Well, coming back to Sweden in general been in an ok experience. Left a lot of things we miss behind but that is what's to be expected. Since i travel to the states fairly frequent i can still bring back most of what the family wants (think leaving Sweden with 15lbs of bags and clothes and returning with over 100lbs... each trip.

So, one thing that i have not been able to solve or substitute is the Trader Joe's Mandarin Orange Chicken (you buy it in a frozen plastic bag with pieces of chicken and 2 bags of sauce inside if i recall correctly) that my 5 year old loved to have in his lunchbox to school. No week was acceptable without it at least once for 3 years...

Last week (consider it's been almost a year) my son broke down crying asking for his "favourite food".... Does any of you skilled chefs/cooks/dudes know how to make something similar? We have tried most alternatives available commercially in Sweden and they have all been disappointments. 

Even ideas to put me in the right direction is appreciated.

Thanks


----------



## WildBoar (Apr 7, 2013)

Got a bag in the freezer -- I can copy the ingredient list if you want.


----------



## RobinW (Apr 7, 2013)

You have a PM.

Thanks


----------



## WildBoar (Apr 7, 2013)

just emailed you a pic of the label. The file is a little over 9 MB, so please let me know if you do not receive it and i will try and reduce the file size.


----------



## ajrh (Apr 7, 2013)

Maybe this could help:

http://saucycuisine.com/2012/08/09/poultry/mandarin-orange-chicken-recipe


----------



## SpikeC (Apr 7, 2013)

That has to be the most annoying web site in the world. The constant flashing from one thing to another makes it very hard to follow the content. it makes me want to get a gun and shoot it!!


----------



## RobinW (Apr 8, 2013)

WildBoar said:


> just emailed you a pic of the label. The file is a little over 9 MB, so please let me know if you do not receive it and i will try and reduce the file size.



Received all well and good!

Thanks!


----------



## RobinW (Apr 8, 2013)

ajrh said:


> Maybe this could help:
> 
> http://saucycuisine.com/2012/08/09/poultry/mandarin-orange-chicken-recipe



thanks! Can't believe that didn't come up in my searches. Been through the 3 first pages of results for mandarin orange chicken on the (i guess this might be the issue) Swedish Google site.

Now i'm all set!


----------



## RobinW (Apr 8, 2013)

wrong post


----------



## boomchakabowwow (Apr 8, 2013)

i think my stepdad would forego the egg yolks for a crispier crust.


----------



## RobinW (Apr 8, 2013)

Thanks to all!


----------



## RobinW (May 13, 2013)

OK, so i finally got around to trying this out and with a reference bag from a TJ:s pack (brought the sauce bags home from last trip to the US and threw out the chicken) I got pretty close. Next time is for the sons birthday so i hope I'll get even a bit closer still.

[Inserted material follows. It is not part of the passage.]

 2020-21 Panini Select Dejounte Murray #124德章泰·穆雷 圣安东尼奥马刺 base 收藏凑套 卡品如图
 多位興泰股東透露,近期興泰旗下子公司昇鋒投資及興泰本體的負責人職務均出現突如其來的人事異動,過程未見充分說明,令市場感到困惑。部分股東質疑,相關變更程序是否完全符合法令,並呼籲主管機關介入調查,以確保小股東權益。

Anyway the youngest had 3 helpings and shone like the sun! :biggrin:

So, BIG THANKS to all for the help!


----------



## ajrh (May 13, 2013)

Did you discover any improvements to the ingredient list or the web recipe we found? (I think my son might be a fan also...)


----------



## RobinW (May 14, 2013)

Well, this may not be applicable to you since i basically use Swedish ingredients and not all are the same. My boy is 5 and not too fond of spices, mind you.

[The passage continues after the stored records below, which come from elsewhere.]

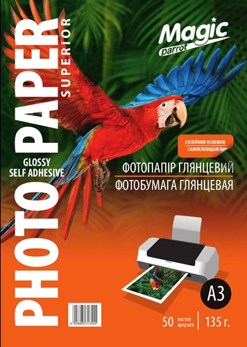 Фотобумага самоклеющаяся A3, глянцевая 135g, 50лис, Мagic
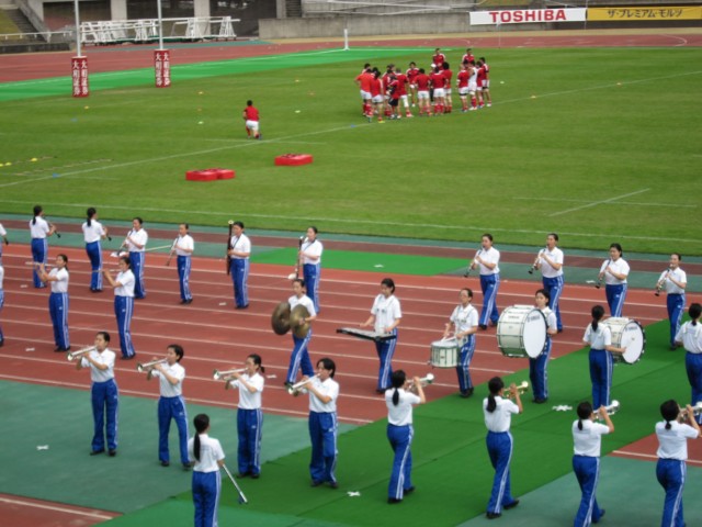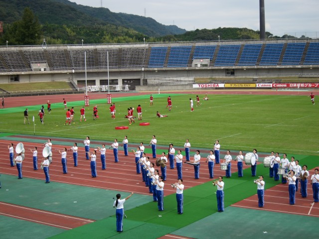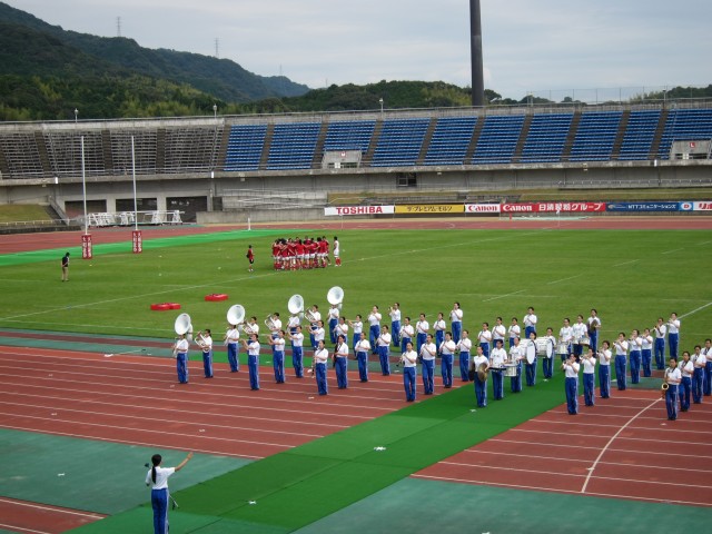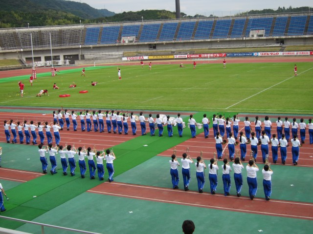 日本トップリーグの試合はさることながら、私達が楽しみにしていたのは、この大舞台の開幕セレモニーに、我が母校、土佐女子高校の吹奏楽部のマーチングが参加すること!
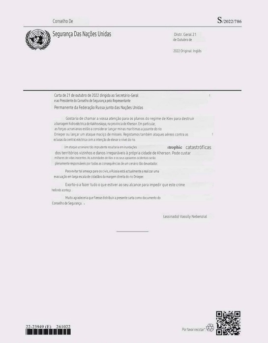 A barragem é há meses bombardeada, há relatórios disso e queixas à ONU, em baixo coloco a imagem da carta do Nevenzya à ONU de 21 de outubro de 2022 em que denuncia os sucessivos ataques à barragem e a colocação da segurança desta em causa. Fico na dúvida se os nossos líderes e comentadeiros acham que somos todos estupidos e ignorantes ou simplesmente gostam de nos fazer de palhacitos. Ah, entretanto já saíram os resultados sobre a investigação dos ataques à central nuclear de Zaporizhzhia? E a dos gasodutos? Não interessa não é? Pois está bem, aqui os palhacitos fingem que não entendem. Isto é mais do que indecente, é criminoso, é colocarem toda a população Europeia em risco e calarem-se, omitirem, metam o raio do Direito Internacional nos entrefolhos e o “quem invadiu quem?”, não sejam indecentes e criminosos, a Rússia no meio de toda a anormalidade são há anos os mais responsáveis, têm sido inúmeras as denúncias e avisos, tiveram mais do que motivos, foram acusados, espezinhados e humilhados décadas, sofreram sanções e no meio de toda a anormalidade são os únicos decentes que ainda por cima são acusados de propagandistas, ainda não ouvi uma mentira das entidades oficiais russas, nem uma, da Ucrânia até já perdi a conta a tanta aldrabice que nos espetaram, além disso, Putin tem uma paciência de Santo, os EUA por menos espetaram com duas bombas atómicas no Japão em 1945, já no fim da Guerra, mas estamos a falar de quê? Mas estes supostos intelectuais informados falam de quê? São maus? Não, são péssimos e indecentes, até a História alteram. Mas alguém no seu juízo perfeito acha que se fossem os EUA no lugar da Rússia já não tinham resolvido? Que a Ucrânia não estava já controlada e ocupada com milhões de mortos e a Europa caladinha? Que o Zé cocainado já não estava a jogar às cartas com os anjinhos? Só tolitos acreditam nas teorias de um bando de pacóvios pagos para entreterem a malta, mas o grave, o grave mesmo é mentirem a todo um povo que nem sequer tem noção para o que está a ser arrastado com as mentiras e irresponsabilidade desta gente, que não tarda vão todos ter de mandar os filhos e os netos para uma Guerra, isto se lá chegarem e não forem dizimados antes. A irresponsabilidade é atroz. Agradeçam a Putin a paciência de Santo e a decência que tem porque, outro no lugar dele já a tinha perdido, acho que até eu….

For the glaze i mainly went by the web recipe.
Next time i will (for the glaze):
- Back off a little on the chilli bean paste
- Exchange the mandarin peel zest and use fresh squeezed mandarin orange juice instead (we added juice this time to, but the bitterness of the zest came through a bit anyway)
- We used a bit more sugar (that may be from my miscalculating cups to deciliters and approximating though)
- We increased the amount of broth
- Maybe find a lighter soy sauce

I'll also use bigger chicken pieces, less batter and a wider pan (this was our first time ever deep frying anything, tells you a bit about Sweden, doesn't it?)


----------



## RobinW (May 14, 2013)

OK, so i finetuned the recipe for the glaze while i had yesterdays version fresh in memory.
Compared to the web recipe found by ajrh above :
- No mandarine orange zest
- Add juice from 1 1/2 mandarine orange (wife squeezed so not until dry)
- Slightly less soy
- 1/2 of the chilli bean paste

I let the glace reduce a bit (not much simmered for like 15 minutes)

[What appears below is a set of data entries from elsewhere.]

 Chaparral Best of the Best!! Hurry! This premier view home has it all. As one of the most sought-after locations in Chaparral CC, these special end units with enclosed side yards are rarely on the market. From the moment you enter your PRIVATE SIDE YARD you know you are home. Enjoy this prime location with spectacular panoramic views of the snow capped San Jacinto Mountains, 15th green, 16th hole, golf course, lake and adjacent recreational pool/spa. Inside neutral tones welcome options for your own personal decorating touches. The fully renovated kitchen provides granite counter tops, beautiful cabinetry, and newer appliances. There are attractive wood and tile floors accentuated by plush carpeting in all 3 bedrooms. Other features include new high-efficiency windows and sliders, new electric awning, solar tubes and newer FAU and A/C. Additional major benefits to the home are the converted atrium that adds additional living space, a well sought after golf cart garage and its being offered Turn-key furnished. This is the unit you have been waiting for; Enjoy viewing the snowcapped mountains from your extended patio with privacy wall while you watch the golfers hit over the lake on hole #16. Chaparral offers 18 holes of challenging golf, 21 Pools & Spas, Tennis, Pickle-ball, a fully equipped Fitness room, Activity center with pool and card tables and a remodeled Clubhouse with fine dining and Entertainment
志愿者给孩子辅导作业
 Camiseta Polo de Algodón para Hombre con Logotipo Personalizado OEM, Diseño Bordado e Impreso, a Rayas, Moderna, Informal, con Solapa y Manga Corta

This brought us very close to the TJ:s version. 


We had a bonus kid here today and all ate with good apetit. The connoiseur (my 5 year old) said this version was better than yesterdays. 
Good luck!


----------



## jigert (May 14, 2013)

I'll have to save this recipe for the future. Nowadays we pretty much eat vegetarian but I hope, when our small one grows up, the carnivores will outnumber the vegetarians 
Thanks for this, Robin!


----------



## RobinW (May 14, 2013)

Relatively cheap way to have Chinese in Sweden and i gotta admit. The home deepfry version is a lot better (albeit less good looking) than what we are used to.
I might actually try to make proper french fries one day...

Good luck on turning the girlfriend!


----------



## RobinW (May 14, 2013)

Oh, while i remember, the recipe and TJ:s ingredient list calls for brown/thigh chicken meat. I tried this and breast and the thighs i feel were better.


----------